For opening day and the first few months of the season, our Seattle Mariners preview sees the rotation as something like this. The top spot may go to lefty Yusel Kikuchi. Kikuchi, who comes from Japan, will play his first MLB season this year. He possesses four quality pitches, throws consistently in the mid-90s, and is a better-than-average pitcher. However, in eight seasons in Japan, he has only surpassed the 150-inning mark twice. Durability could be a concern. Mike Leake (10-10 W/L, 4.36 ERA, 1.30 WHIP) should follow, despite his low swinging strike rate. Leake is usually good for 30 starts and rarely walks anyone.
Lefty Marco Gonzales (13-9 W/L, 4.00 ERA, 1.22 WHIP) will likely take the third spot. Gonzales has added an effective cutter that he consistently throws for strikes. Although Felix Hernandez (8-12 W/L, 5.55 ERA, 1.40 WHIP) has pitched opening day for 10 straight seasons, we expect that will change this year. Look for the aging veteran, who can no longer throw 90 mph, to move down in the rotation. Hernandez is definitely in decline. The final starting position should be occupied by lefthander Wade LeBlance (9-5 W/L, 3.72 ERA, 1.18 WHIP). In 2018, his 10th season, the accurate strike-thrower pitched a career high 162 innings.
Remember that we said the major highlight for this team in terms of pitching last season was their 60 saves. In the offseason, the Mariners gutted their bullpen, trading away the relievers who in 2018 accounted for 59 saves, 68 holds, 226 appearances, and 212 innings. In one of their trades, they managed to snare 15-year vet Anthony Swarzak (0-2 W/L, 6.16 ERA, 4 SVs). Swarzak is expected to be the closer even though he’s notched a total of 14 saves over the course of his career. Six of those have been in the bigs. His stuff is modest.
Shawn Armstrong comes up from Triple-A to join the team. Last season, he held batters to a .192 average and was good on 15 of 17 saves. Look for him to setup. Dan Altavilla (3-2 W/L, 2.61 ERA, 0.82 WHIP) can throw three-digit heat but there are issues with control.

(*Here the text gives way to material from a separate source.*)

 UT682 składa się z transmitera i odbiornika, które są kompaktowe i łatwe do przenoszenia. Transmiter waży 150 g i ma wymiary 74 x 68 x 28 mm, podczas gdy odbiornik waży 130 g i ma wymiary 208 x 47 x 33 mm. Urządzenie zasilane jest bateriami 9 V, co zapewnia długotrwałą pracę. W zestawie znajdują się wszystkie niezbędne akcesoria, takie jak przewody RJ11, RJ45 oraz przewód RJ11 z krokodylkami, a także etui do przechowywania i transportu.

If he can get better command of his fastball and hard slider, Altavilla could close.
Our Seattle Mariners preview finds that the best part of this team last season offensively was their hitting, as they batted .254 (9th MLB). After that, their offensive stats were average at best. The Mariners tied for 13th in stolen bases (79), tied for 14th in total bases (2,250), were 15th in slugging percentage (.408), and ended up tied for 17th in homeruns (176). Their .314 OP% ranked 19th, while they were 20th in OPS (.722) and 21st in runs (677). Finally, their 644 RBI was good for 23rd.

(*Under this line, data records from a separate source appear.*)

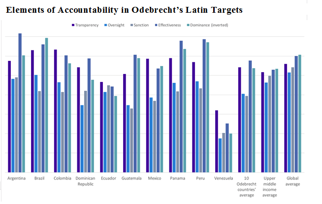 - The comparison yields mixed findings. On average, the nations implicated in the Odebrecht settlement do quite well on transparency, effectiveness, and political dominance – the outcome of a generation of democratic rule (with Venezuela being the obvious outlier). But all ten countries perform comparatively poorly when it comes to oversight, and abysmally when the criterion is sanction. This does not bode well for accountability, especially if we consider that among the Odebrecht Latin Ten, the highest-scoring country on the sanction criteria is Argentina, whose score is still below the middle-income country average. In Brazil, where trial courts have led the way in imposing sanctions on business elites, political leaders are nonetheless protected against meaningful sanctions by an arcane system of privileged standing in the high courts.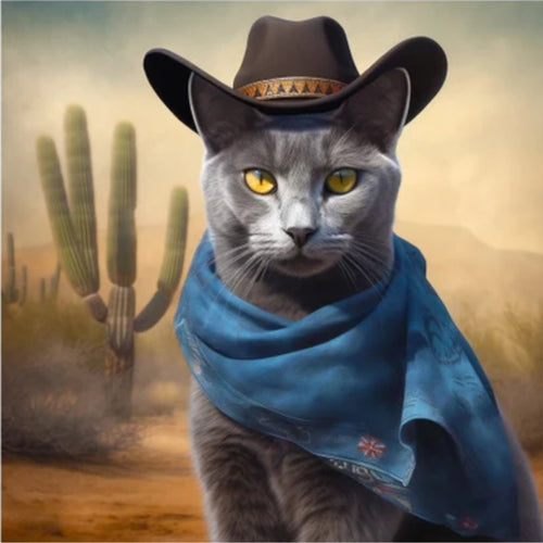 Diamond Painting - Full Round - Desert cool cowboy long haired cat (30*30CM)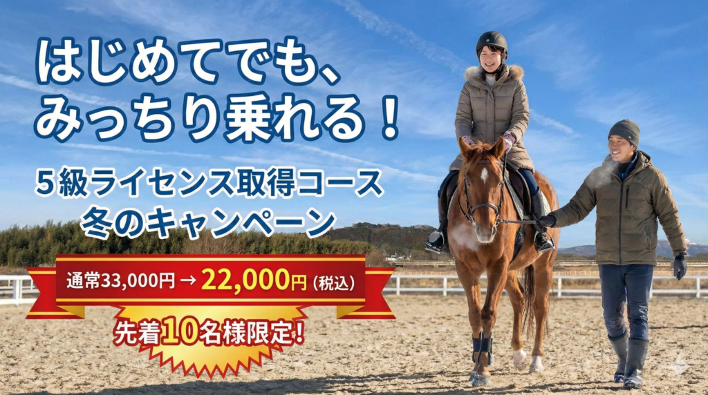 おすすめ体験コース:5級ライセンスキャンペーン HORSE RIDING CLUB お申し込み 1月・2月限定!特別キャンペーン たった5時間で、憧れの乗馬ライセンスを。 馬に乗るのは初めてだけど、どうせならみっちり乗ってみたい。 そんなあなたの夢を叶える「5級ラ... -

Speedster Mallex Smith (.296 BA, 40 RBI, 2 HRs), who plays center, leads off. Last season, his 40 steals were the second-most in the AL. Right fielder Mitch Haniger (.285 BA, 93 RBI, 26 HRs) bats second, while Jay Bruce (.223 BA, 37 RBI, 9 HRs) looks to DH in the third spot. The reliable Edwin Encarnacion (.246 BA, 107 RBI, 32 HRs) steps up fourth. In each of his last seven seasons, he’s had an OPS of .810 or higher. Encarnacion comes to the Mariners from the Indians. Third baseman Kyle Seager (.221 BA, 78 RBI, 22 HRs), who is coming off his worst season at the plate ever, will try to get back in the swing of things. He was hampered last season by a nagging toe injury.

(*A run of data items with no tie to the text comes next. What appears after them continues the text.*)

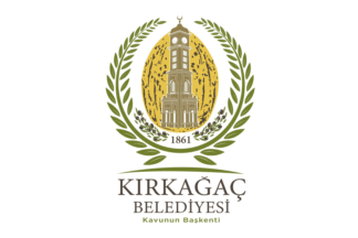 The flag of Kırkağaç (photo) is white with the municipality's emblem in the middle. "KIRKAǦAÇ BELEDİYESİ" means "Kırkağaç Municipality".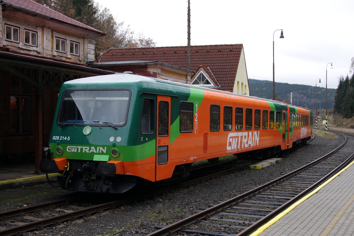 VT48 der VBG als MOs20817 (Zwickau Zentrum - Sokolov) bei der Ausf. aus dem Bf Kraslice předměstí (Graslitz Vorstadt) am 19.11.2012. Bereits in Zwotental hat das Personal von GW Train Regio den Zug übernommen und ab Kraslice ist es eine Leistung dieses Unternehmens. Rüdiger Ulrich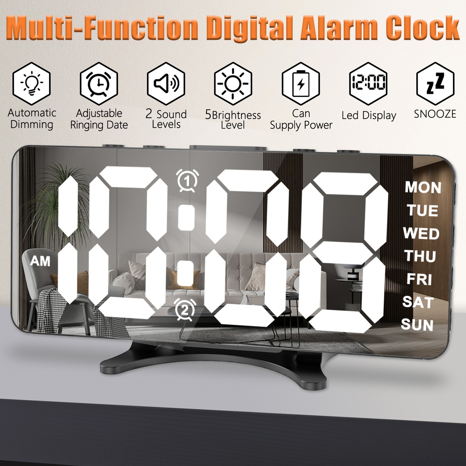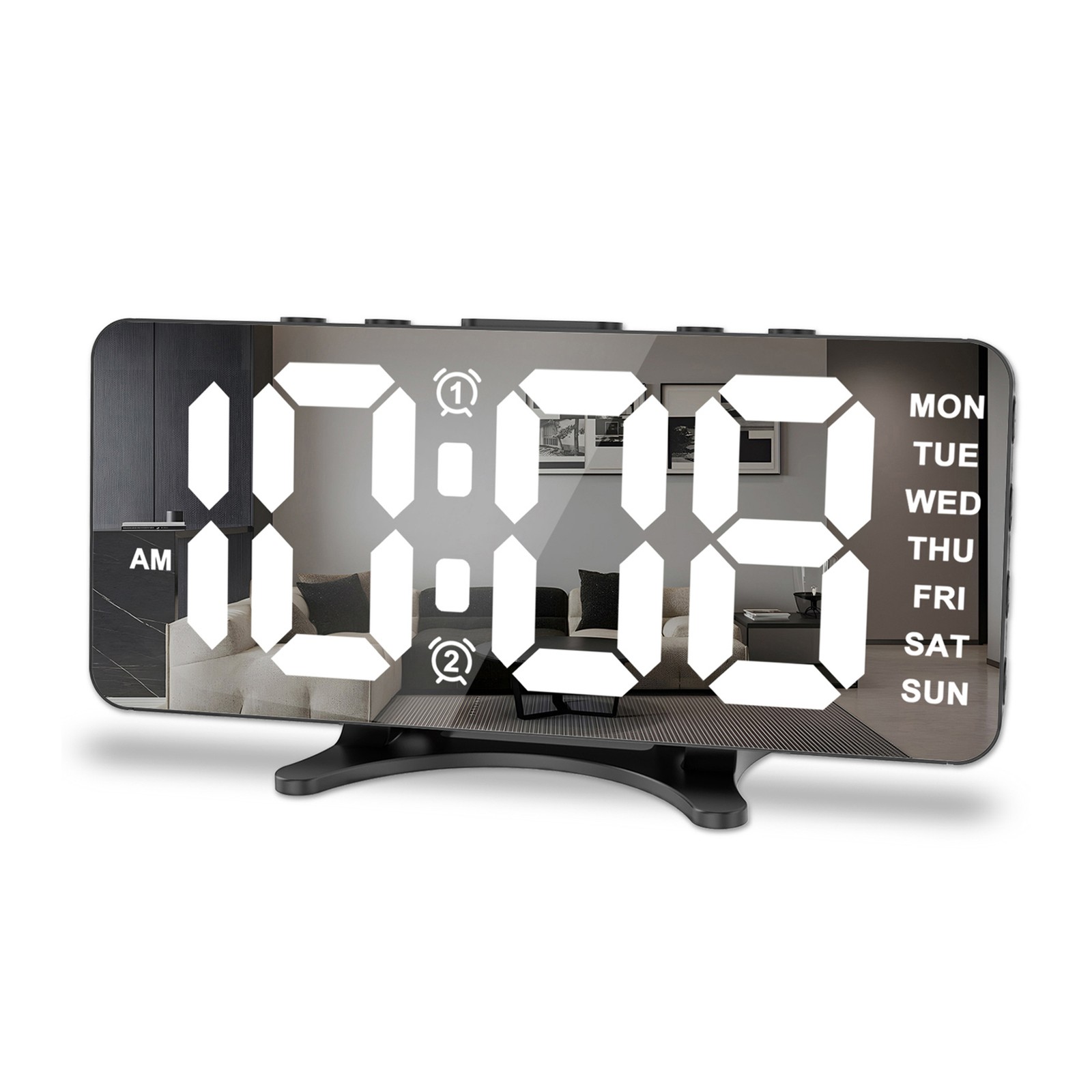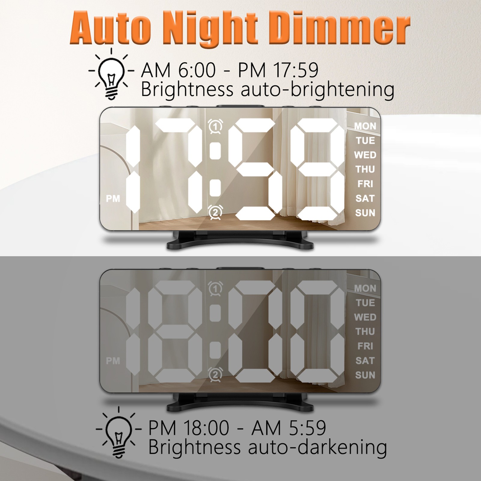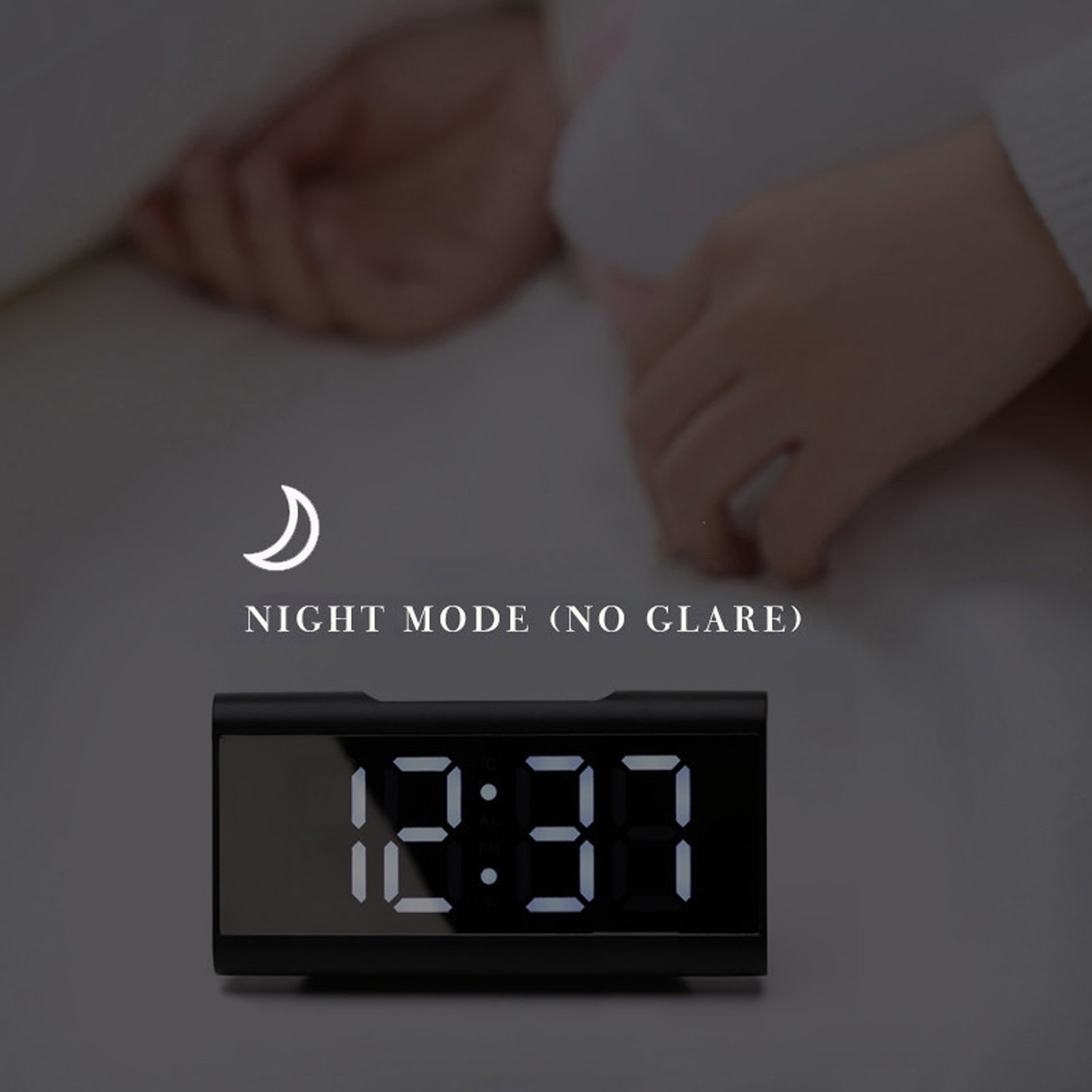 LED Digital Alarm Clock For Bedroom Mirror Desk Clock With 2 Alarms Snooze Funct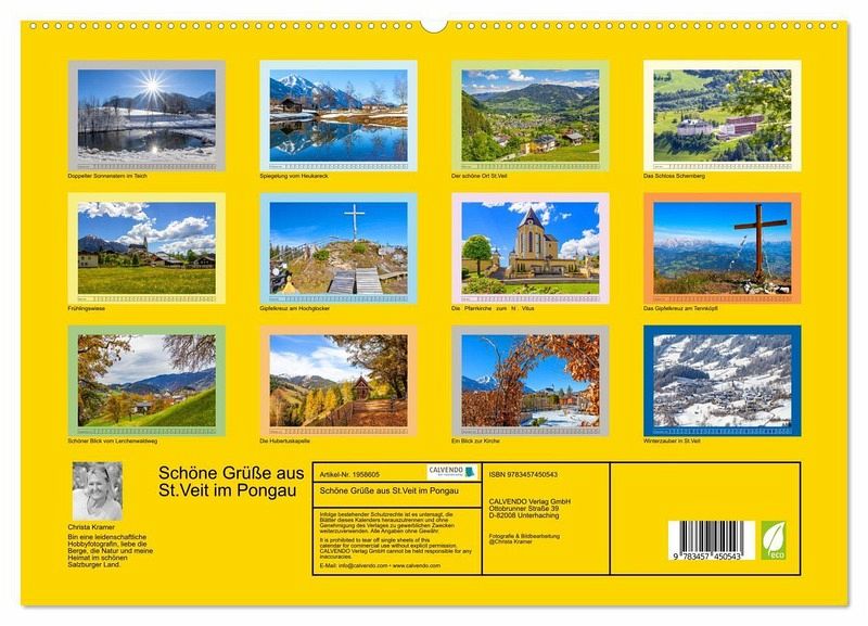 PREMIUM-LINIE - Brillanter Fotokalender mit 12 wunderschönen Motiven, Kunstdruck in Hochglanz in Museumsqualität.QUALITÄT - edle Materialien, stabile Rückwand mit 2 innovativen Einstecktaschen für eine optimale Präsentation an der Wand.NACHHALTIG - deutliche Abfallreduzierung durch bedarfsgerechte Einzelstückfertigung, umweltfreundliches FSC-zertifiziertes Papier, Produktion in Deutschland, klimabewusste Logistik.PERFEKTES GESCHENK - Kalender für Freunde und Familie, für Kinder und Erwachsene, jung und alt, zu Weihnachten, Geburtstag oder zwischendurch.Ein Kurort am Sonnenplateau über dem Salzachtal von Autor(in): Christa Kramer

After that, our Seattle Mariners preview sees left fielder Domingo Santana (.265 BA, 20 RBI, 5 HRs) hitting sixth, shortstop J.P. Crawford (.214 BA, 12 RBI, 3 HRs) seventh, and catcher Omar Narvaez (.275 BA, 30 RBI, 9 HRs) eighth. Of those three, Narvaez has proven to be the perhaps the most reliable at the plate. In his last 221 plate appearances with the Chicago White Sox last season he recorded an OPS of .930. Second baseman Dee Gordon (.268 BA, 36 RBI, 4 HRs), who’s a solid base stealer, bats last.
The Mariners ranked 13th in the majors in fielding (.985). They turned 152 double plays (tied 7th). Backstop Narvaez has a good bat, but his skills behind the plate are questionable. Last season, he was ranked second-worst in MLB in pitch framing (minus-142) and third-worst in Runs Saved score (minus-13). Encarnacion is a solid addition at first, while Seager should provide good D at third. Gordon has speed and a decent glove at second, while it’s hoped that at short Crawford can live up to his potential.
Smith plays center using a high-speed approach to track down potential hits. In right field, Haniger is a major asset. He tied for the AL lead in outfield assists with a dozen last season. The right fielder has real All-Star potential. Santana should suffice in left.
Management and Front Office
GM Jerry Dipoto is rebuilding the Mariners. When he tried to do so with the Dodgers from 2012-15, he failed, as the player-development system suffered a major downturn. In the three June drafts he’s overseen, the GM has been unable to secure a player with true franchise potential. Our Seattle Mariners preview also notes that manager Scott Servais did not handle last season’s collapse well. The locker room turned dark and combative. New pitching and hitting coaches join the team. But do they have enough to work with?
2019 Seattle Mariners Preview: Final Word
Our Seattle Mariners preview does not see this team as being the worst in the AL West. But they are also nowhere near the best. The addition of Encarnacion will help the offense, but the starting pitching and relief situations are disconcerting. Plus, the defense is uneven and the offense, overall, questionable. Our 2019 Seattle Mariners preview envisions a fourth-place finish for this baseball club and a losing record.